Żle się dzieje, gdy jeszcze nie uformowani, zaledwie we wstępnej fazie Bożej pracy nad nami, zaczynamy uważać siebie za dzieło skończone. Jest nie lepiej, gdy spieramy się z Bogiem i na siłę próbujemy być kimś innym, niż On nas chce widzieć. O człowiecze! Kimże ty jesteś, że wdajesz się w spór z Bogiem? Czy powie twór do twórcy: Czemuś mnie takim uczynił? Albo czy garncarz nie ma władzy nad gliną, żeby z tej samej bryły ulepić jedno naczynie kosztowne, a drugie pospolite? [Rz 9,20-21].
W pracy garncarza nieraz następuje niepowodzenie. Prawidłowo kształtowane naczynie ulega niespodziewanej deformacji.

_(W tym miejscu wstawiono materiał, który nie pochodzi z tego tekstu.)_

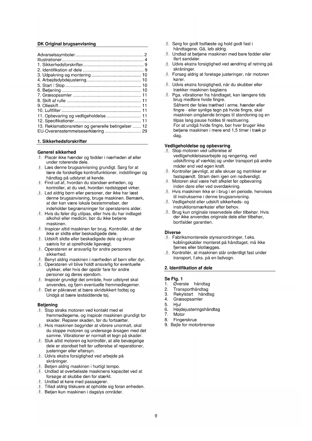 Generel sikkerhed Placér ikke hænder og fødder i nærheden af eller under roterende dele. Læs denne brugsanvisning grundigt. Sørg for at lære de forskellige kontrolfunktioner, indstillinger og håndtag på udstyret at kende. Find ud af, hvordan du standser enheden, og kontroller, at du ved, hvordan nødstoppet virker. Lad aldrig børn eller personer, der ikke har læst denne brugsanvisning, bruge maskinen. Bemærk, at der kan være lokale bestemmelser, der indeholder begrænsninger for operatørens alder. Hvis du føler dig utilpas, eller hvis du har indtaget alkohol eller medicin, bør du ikke betjene maskinen. Inspicer altid maskinen før brug. Kontrollér, at der ikke er slidte eller beskadigede dele. Udskift slidte eller beskadigede dele og skruer sætvis for at opretholde ligevægt. Operatøren er ansvarlig for andre personers sikkerhed. Benyt aldrig maskinen i nærheden af børn eller dyr. Operatøren vil blive holdt ansvarlig for eventuelle ulykker, eller hvis der opstår fare for andre personer og deres ejendom. Inspicér grundigt det område, hvor udstyret skal anvendes, og fjern eventuelle fremmedlegemer. Det er påkrævet at bære skridsikkert fodtøj og Undgå at bære løstsiddende tøj. Betjening Stop straks motoren ved kontakt med et fremmedlegeme, og inspicér maskinen grundigt for skader. Reparer skaden, før du fortsætter. Hvis maskinen begynder at vibrere unormalt, skal du stoppe motoren og undersøge årsagen med det samme. Vibrationer er normalt et tegn på skader. Sluk altid motoren og kontrollér, at alle bevægelige dele er standset helt før udførelse af reparationer, justeringer eller eftersyn. Udvis ekstra forsigtighed ved arbejde på skråninger. Betjen aldrig maskinen i hurtigt tempo. Undlad at overbelaste maskinens kapacitet ved at forsøge at skubbe den for stærkt. Undlad at køre med passagerer. Tillad aldrig tilskuere at opholde sig foran enheden. Betjen kun maskinen i dagslys områder. Sørg for godt fodfæste og hold godt fast i håndtagene. Gå, løb aldrig. Undlad at betjene maskinen med bare fødder eller iført sandaler. Udvis ekstra forsigtighed ved ændring af retning på skråninger. Forsøg aldrig at foretage justeringer, når motoren kører. Udvis ekstra forsigtighed, når du skubber eller trækker maskinen baglæns Pga. vibrationer fra håndtaget, kan længere tids brug medføre hvide fingre. Såfremt der føles træthed i arme, hænder eller fingre - eller synlige tegn på hvide fingre, skal maskinen omgående bringes til standsning og en tilpas lang pause holdes til restituering. For at undgå hvide fingre, bør hver bruger ikke betjene maskinen i mere end 1,5 timer i træk pr dag. Vedligeholdelse og opbevaring Stop motoren ved udførelse af vedligeholdelsesarbejde og rengøring, ved udskiftning af værktøj og under transport på andre måder end ved egen kraft. Kontroller jævnligt, at alle skruer og møtrikker er fastspændt. Stram dem igen om nødvendigt. Motoren skal være helt afkølet før opbevaring inden døre eller ved overdækning. Hvis maskinen ikke er i brug i en periode, henvises til instrukserne i denne brugsanvisning. Vedligehold eller udskift sikkerheds- og instruktionsmærkater efter behov. Brug kun originale reservedele eller tilbehør. Hvis der ikke anvendes originale dele eller tilbehør, bortfalder garantien. Diverse Fabriksmonterede styreanordninger, f.eks. koblingskabler monteret på håndtaget, må ikke fjernes eller blotlægges. Kontrollér, at maskinen står ordentligt fast under transport, f.eks. på en ladvogn.

To ważny obraz i kryjąca się za nim myśl. Bywa, że z różnych powodów nagle przestajemy zmieniać się na wzór Chrystusa. Czasem ulegamy poważnemu zniekształceniu. Dostajemy się pod wpływ złych ludzi lub fałszywej nauki. Boże dzieło nad naszym życiem zostaje zepsute.
W dzisiejszej wizycie u garncarza chodzi o pobudzenie w nas świadomości, że gdy z naszą przemianą na obraz Syna Bożego coś pójdzie nie tak, jak trzeba, to Bóg chce nas formować na nowo. Jeśli nie chcielibyśmy trafić na zewnątrz, na wysypisko odpadów, nie opierajmy się Bogu. Raczej z podatnym i wdzięcznym sercem zaśpiewajmy: Przemień serce me. Uczyń szczerym je. Przemień serce me. Pragnę być jak Ty. Tyś jest garncarzem. Jam gliną Twą. Skrusz mnie, ukształtuj. O to modlę się.